We follow the journey of Kenyans seeking justice for Britain's role in the torture during the 1950s Mau Mau uprising.

Filmed over three years, The Last Battle traces the story of a small group of elderly Kenyans in their successful fight to win acknowledgement of the abuses suffered at the hands of the British colonial authorities at the height of the 1950s Mau Mau emergency.

With intimate and disturbing interviews, observational footage, photographs and archive, this revelatory and compelling documentary follows the developing legal case and lays bare a history that was deliberately hidden, allowing the central protagonists to tell the world, for the first time, their stories and what happened to them.

FILMMAKER'S VIEW

By Jemma Gander

As a British filmmaker I first learned of the independence struggle in Kenya after reading an article in an African magazine. I was both shocked yet eager to find out more about these freedom fighters who were tortured by British soldiers in the 1950s.

Britain is often seen as the paternalistic colonial power in comparison with other European powers and I was eager to reveal the truth about the British, their often brutal suppression, of a people who were fighting for self-rule.

I began making the film in 2009 when four elderly Kenyan men and women travelled to London to seek justice and recognition over the British government's role in the torture of suspected Mau Mau members.

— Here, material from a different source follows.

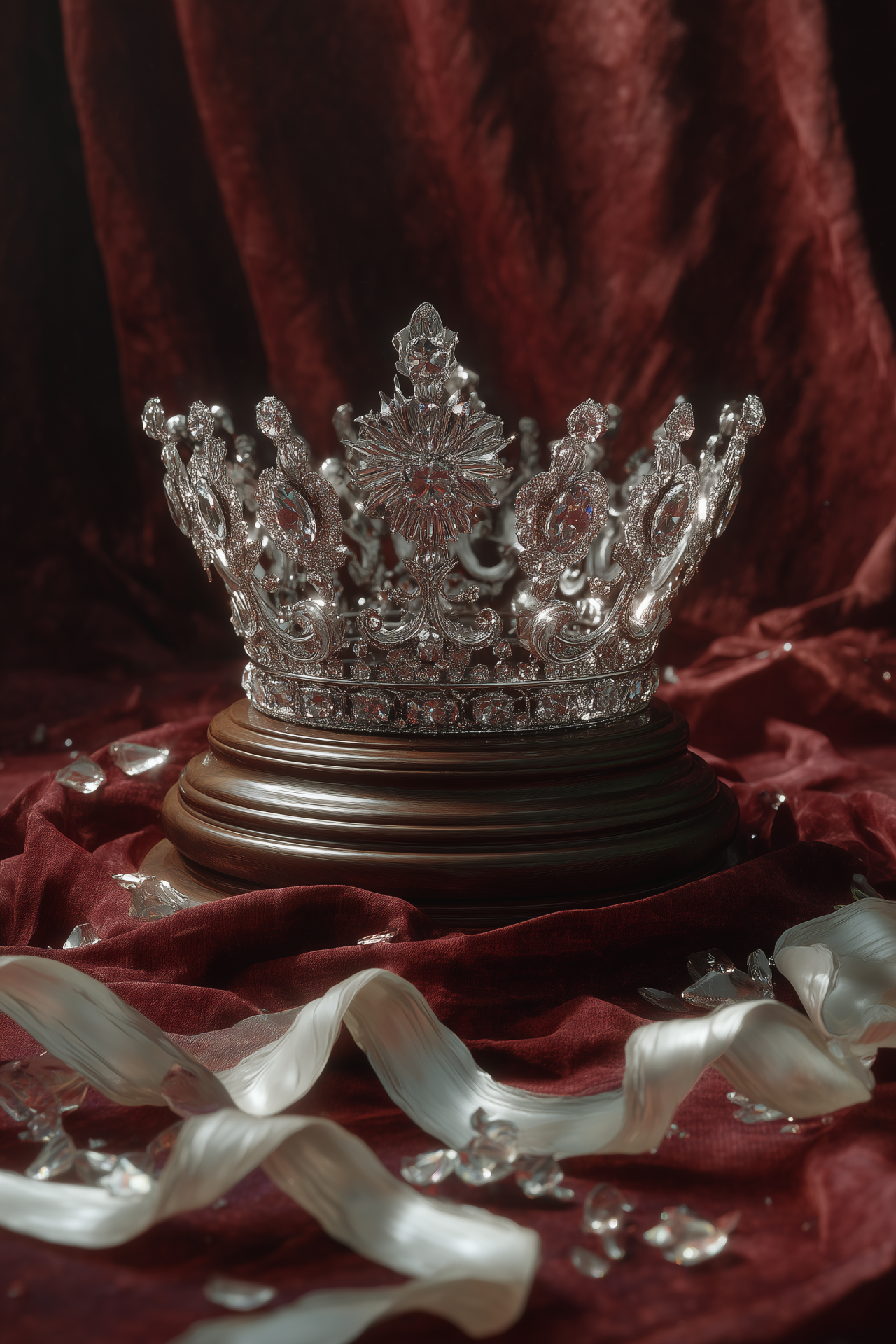 This striking image features a beauty queen crown elegantly displayed on a pedestal, surrounded by delicate short ribbons. The rich dark red fabric in the background adds a luxurious touch, enhancing the cinematic feel of the photograph.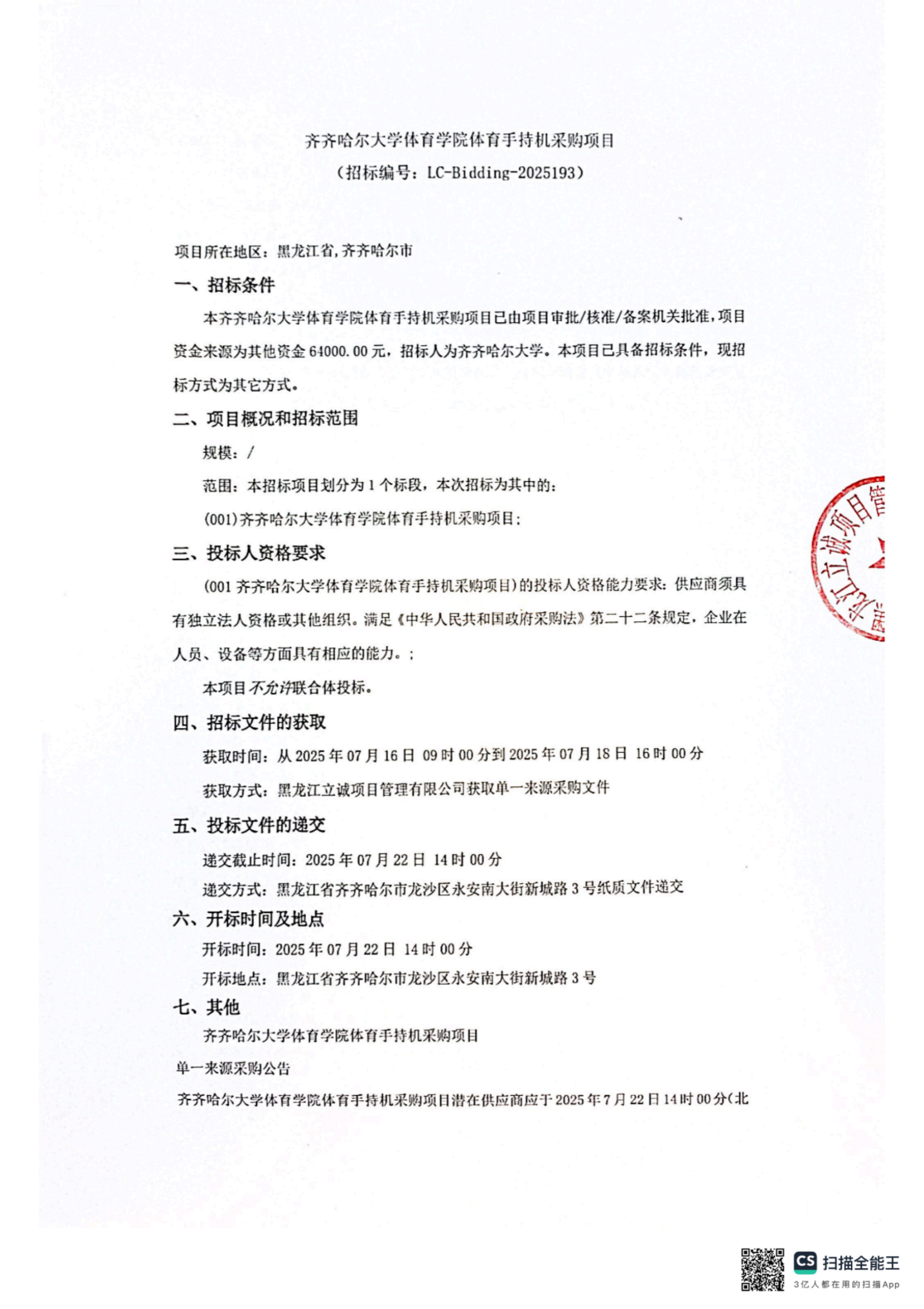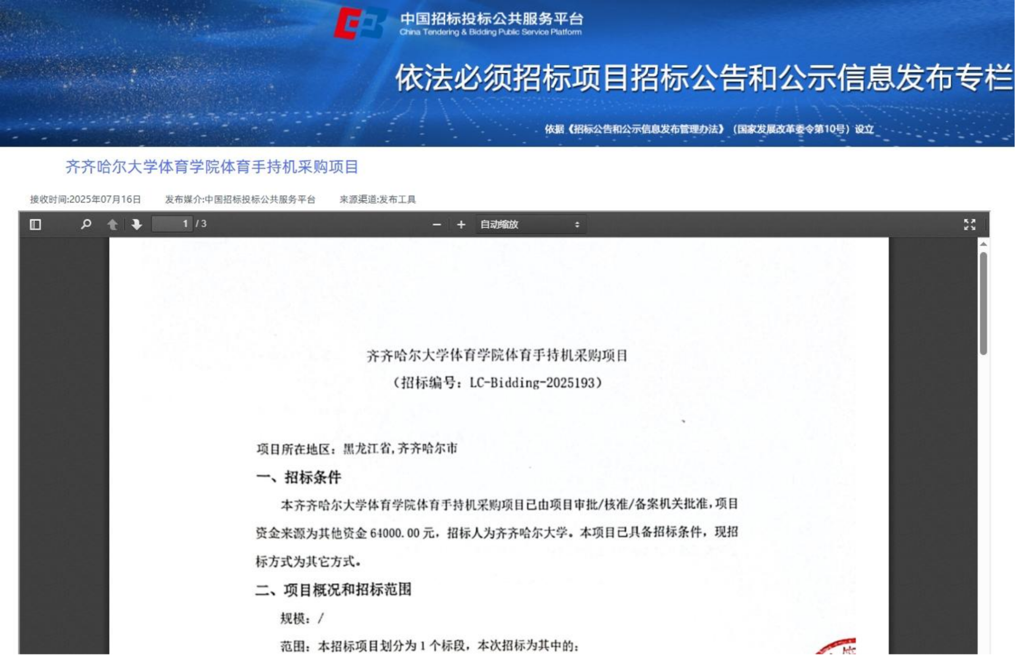 上一条:体育学院更新补充教学设备项目询价通知书(转自中国招标投标公共服务平台)

I then flew to Kenya a year later to speak to the claimants about their experiences during the Mau Mau uprising and the physical and emotional scars they have been living with over the past 50 years.

Paulo Nzili and Ndiku Mutua told me about how they were castrated with pliers when they were arrested for being part of the Mau Mau. Jane Muthoni and Naomi Nziula spoke about the brutal sexual torture they experienced when they were arrested on suspicion of being involved with the movement.

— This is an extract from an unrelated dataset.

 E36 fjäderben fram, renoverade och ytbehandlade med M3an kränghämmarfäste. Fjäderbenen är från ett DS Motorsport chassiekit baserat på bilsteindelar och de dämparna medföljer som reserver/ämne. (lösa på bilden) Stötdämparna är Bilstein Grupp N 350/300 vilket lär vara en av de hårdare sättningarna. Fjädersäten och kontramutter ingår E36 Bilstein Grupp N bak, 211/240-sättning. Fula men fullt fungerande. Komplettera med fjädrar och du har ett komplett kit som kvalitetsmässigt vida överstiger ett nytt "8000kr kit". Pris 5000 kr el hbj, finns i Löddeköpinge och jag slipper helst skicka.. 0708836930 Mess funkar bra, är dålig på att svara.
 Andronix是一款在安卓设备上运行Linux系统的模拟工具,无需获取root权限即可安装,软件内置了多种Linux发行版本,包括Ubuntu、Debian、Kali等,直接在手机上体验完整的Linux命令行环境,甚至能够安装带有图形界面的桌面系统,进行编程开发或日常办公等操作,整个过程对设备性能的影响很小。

The attacks were so horrific that pregnant Naomi miscarried after being sexually assaulted with a glass bottle, and her three other children have been missing ever since.

On a personal level, I feel privileged to have spent time with these brave and inspiring people who, despite their age, will not give up the final battle - the battle they see as their last chance to regain dignity and pride.

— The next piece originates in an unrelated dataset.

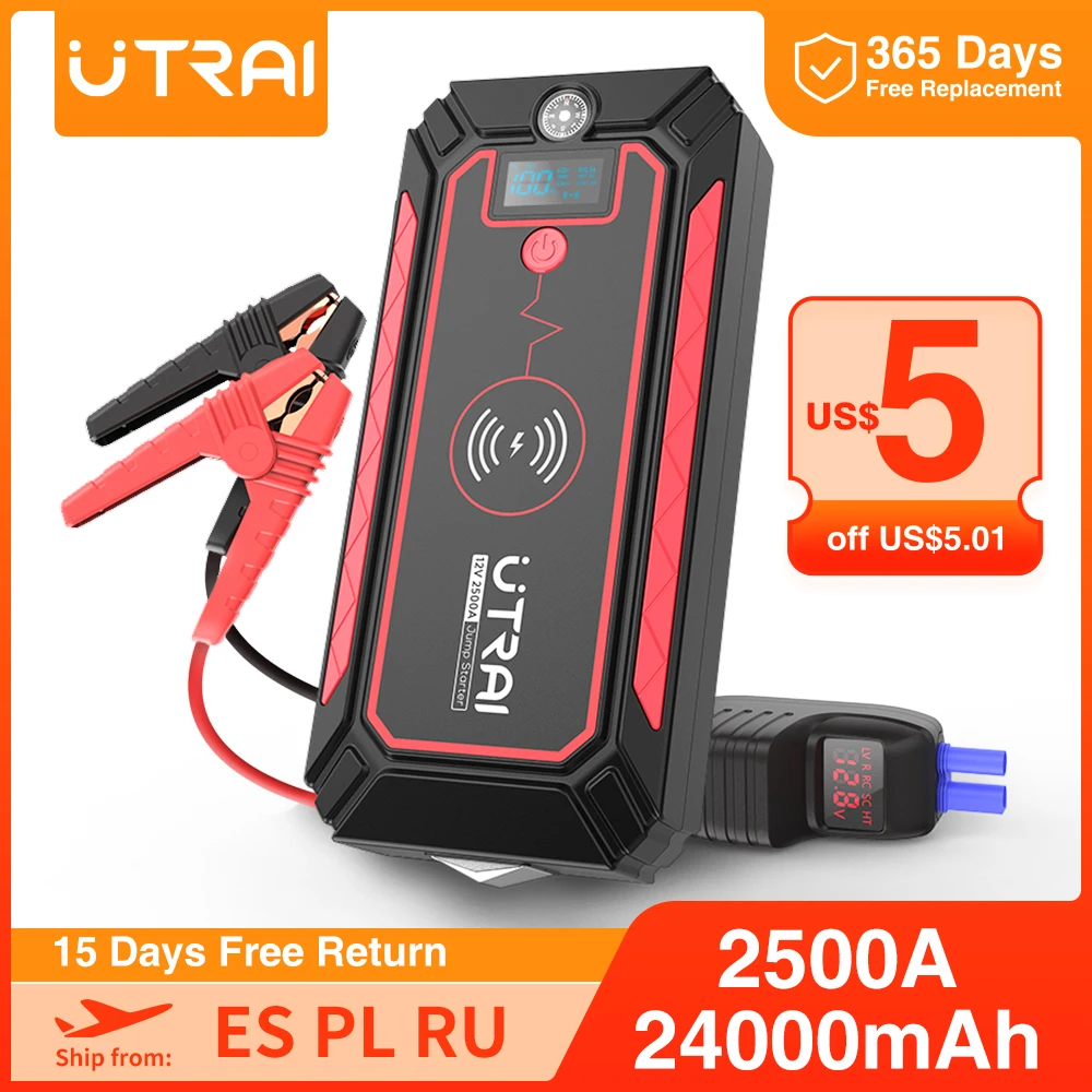 UTRAI Car Jump Starter 24000mAh 2500A Wireless Charger Power Bank For 12V Car Emergency Starter Jstar 4 Auto Car Booster Battery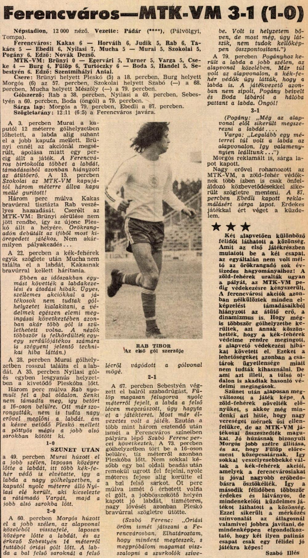 Rab, Nyilasi majd Sebestyén lőtt gólt, és akkor az MTK-VM az egyenlítésért küzdött. Nem sokáig, mert a zöld-fehérek növelték előnyüket egy vitatott góllal, amely szerintünk szabályos körülmények között esett, ugyanis a labda nem hagyta el a játékteret az akció közben. Végül Pogány belőtte a kapu elé a labdát és az Bodáról bepattant. A találkozót 10 ezer néző látta. Pádár játékvezető nem követett el különösebb hibát. Morgós és Ebedli sárga lapot kapott.

John Nottingham, an ex-British district officer with the British colonial government who has tirelessly fought for justice for the Mau Mau veterans, told me: "It nearly destroys me that you can keep on and on without creating a closure. It really is time for closure."

The film is broadcast as the British government decides to postpone the appeal of the October 2012 verdict, which could see the claimants take the British government to a full trial.

Fifty years after these people suffered torture - and at least 10 years of fighting for justice - the elderly claimants' representatives are sitting down with the British government's legal team to discuss a possible resolution that could finally see the last battle won.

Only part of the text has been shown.